大儿子请来的老大夫冷哼一声:“四肢厥冷,脉微欲绝,口吐白沫,加之水米不进,分明是砒石或是断肠草之类的毒物伤了脏腑。如此明显的病症,还要右手探罢探左手?这苏记也不怕你砸了他们的名声?”

周围的茶客窃窃私语,几十双眼睛盯着那个蹲在地上的年轻后生。

沈恋像是没听见嘲讽,指尖仍在老者的左腕上停留。

三息之后,他站起身。

“没有中毒。”沈恋神色平静地给出结论:“若是砒石之毒,脏腑溃烂,必然便血、七窍流血。若是断肠草,瞳孔会大如铜钱,对光无感。老者双瞳聚光缩放如常,身上也未见半点血迹,全无中毒迹象。”

“妄言!若非中毒,这四肢冰凉、脉象沉绝,你作何解?”

“脾主四肢。脾气衰绝,阳气被阻,自然无法达于手足。”沈恋解释:“右关脉候脾胃,左关脉候肝胆。老者左手脉象细弱欲绝,但右手的关脉,重按之下,却有滑实之感。这是浊气上逆,胃失和降,食滞胃脘,演变成了关格之症。上下不通,才导致呕吐与昏迷,很可能是由积食诱发。”

茶馆里的议论声一下子消失了。

虽然在场绝大多数人一个字都听不懂,但直觉感觉这糊涂案子是真的要破了,都睁大眼睛看着那个年轻医生如何给结论。

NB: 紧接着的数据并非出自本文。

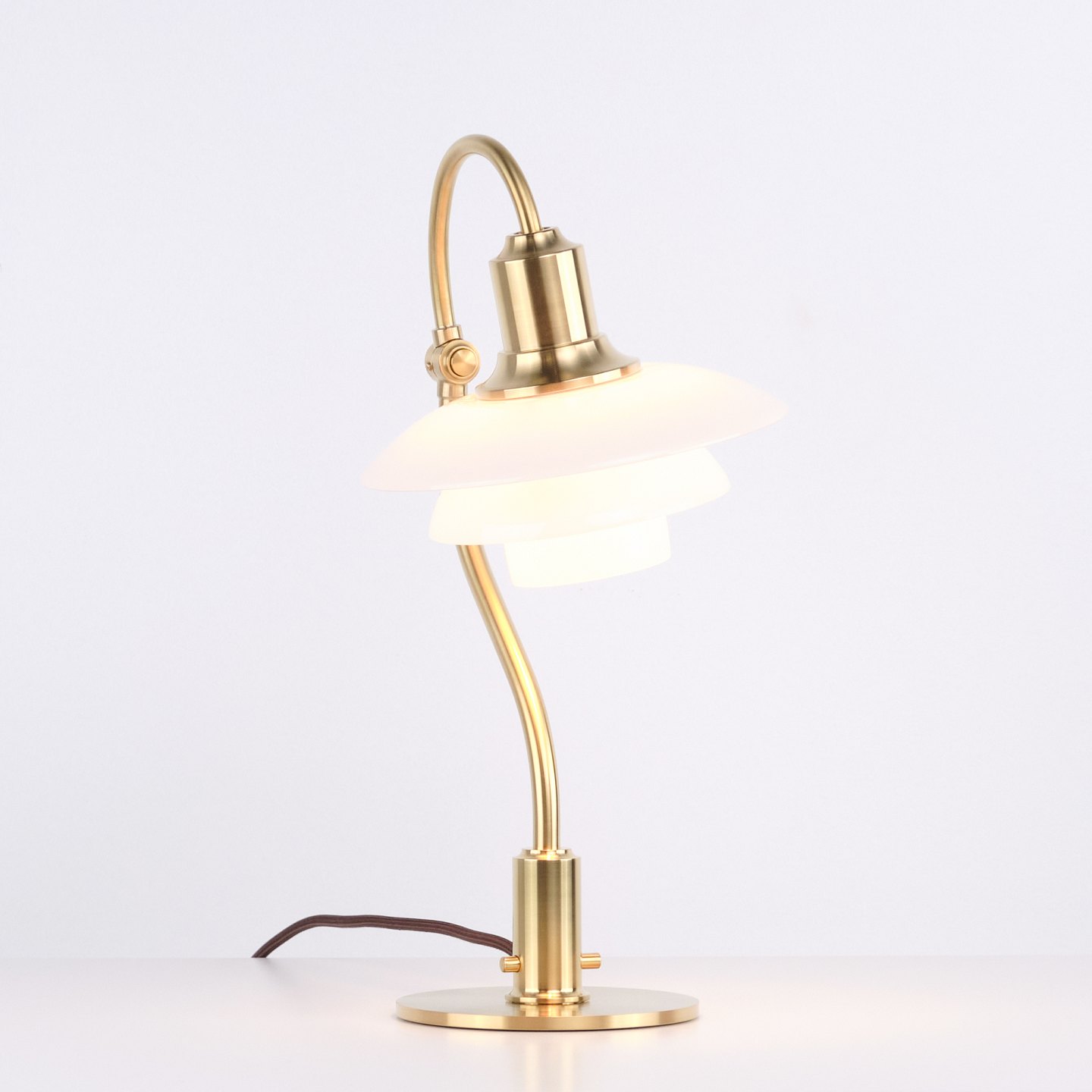 Beskrivelse: Eksklusiv PH 2/2 “Spørgsmålstegnet” bordlampe designet af Poul Henningsen og udgivet som Limited Edition i 2021 af Louis Poulsen. Lampen er udført i børstet messing med skærme i hvidt opalglas og har den karakteristiske buede form, som har givet modellen sit navn.

大儿子上前一步,指着沈恋鼻子斥责:“你胡说什么!我爹这几天连水都喝不进,何来积食之说?”

沈恋并不搭理指责,转而弯身在老者耳边低语商量。

老者闻言,没怎么犹豫,连连点头,答应配合沈恋能破案的治疗方式。

沈恋当即出手,顺着老者的膝盖骨向下摸索,停在膝眼下三寸、胫骨前嵴外侧一横指处。

拇指指腹顶住穴位,左手交叠压在右手上,向内、向下,狠狠发力一碾!

“呃……呕——!”老者的身体剧烈痉挛,猛地侧过身去。

伴随着咕噜噜呕吐声,一滩黏稠的浊物呈喷射状吐在青砖地上。

一股浓烈酸腐气味瞬间将茶馆里的茉莉茶香冲得一干二净。

众人下意识用袖子捂住口鼻,原本争着往前面挤的看客都恨不得贴在墙上。

一连吐了三大口,老者剧烈喘息着瘫回躺椅。

但神奇的事情发生了。

随着浊物吐出,老者高高隆起的胃脘肉眼可见地瘪了下去。